Société

Le projet de rénovation de la Samaritaine en partie validé

Par Noémie Bonnin, France Bleu Paris Région vendredi 11 avril 2014 à 18:08

La Samaritaine
La Samaritaine © Fotolia.com

Le tribunal administratif de Paris a validé vendredi l'un des deux permis de construire du grand projet de rénovation de la Samaritaine. Deux associations de défense du patrimoine demandaient leur annulation.

Les travaux de la Samaritaine vont donc se poursuivre, décision du tribunal administratif de Paris, ce vendredi. Il valide l'un des deux permis de construire du propriétaire, LVMH. Il y sera construit des bureaux, des magasins, un hôtel de luxe mais aussi une centaine de logements sociaux et une crèche. Au total les investissements sont de 450 millions d'euros. Le projet est porté par le cabinet d'architectes japonais Sanaa, qui a notamment construit le Louvre-Lens. Mais ces travaux sont contestés par deux associations de défense du patrimoine, qui ont donc porté l'affaire devant la justice.

Deux volets différents

Le premier ensemble d'immeubles, qui donne sur la Seine (encadrés par les rues de l'Arbre Sec et de la Monnaie), sera rénové entièrement à l'intérieur, mais les façades resteront, notamment la principale, celle où il est écrit en grandes lettres "Samaritaine ". Ces façades sont en fait classées au titres des Monuments Historiques. La justice a donc validé ces travaux.

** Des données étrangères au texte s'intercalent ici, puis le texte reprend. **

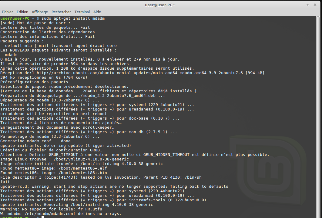 - mdadm : pour le raid logiciel

Pour le deuxième ensemble, celui qui donne sur la rue de Rivoli, les travaux de démolition ont déjà commencé il y a plusieurs mois. L'ampleur des transformations est beaucoup plus grande. Vendredi le tribunal a cette fois reporté sa décision, à la fin du mois (29 avril).

"Le temps joue contre nous"

Les associations de défense du patrimoine sont dépitées, car c'est cet ensemble qui va le plus être transformé et les travaux sont déjà très avancés. Le projet ressemblera à un grand cube blanc ondulé, "un rideau de douche ", dénonce l'association SOS Paris, qui regrette que l'on casse l'homogénéité du quartier. La fin des travaux est prévue courant 2016, voire 2017.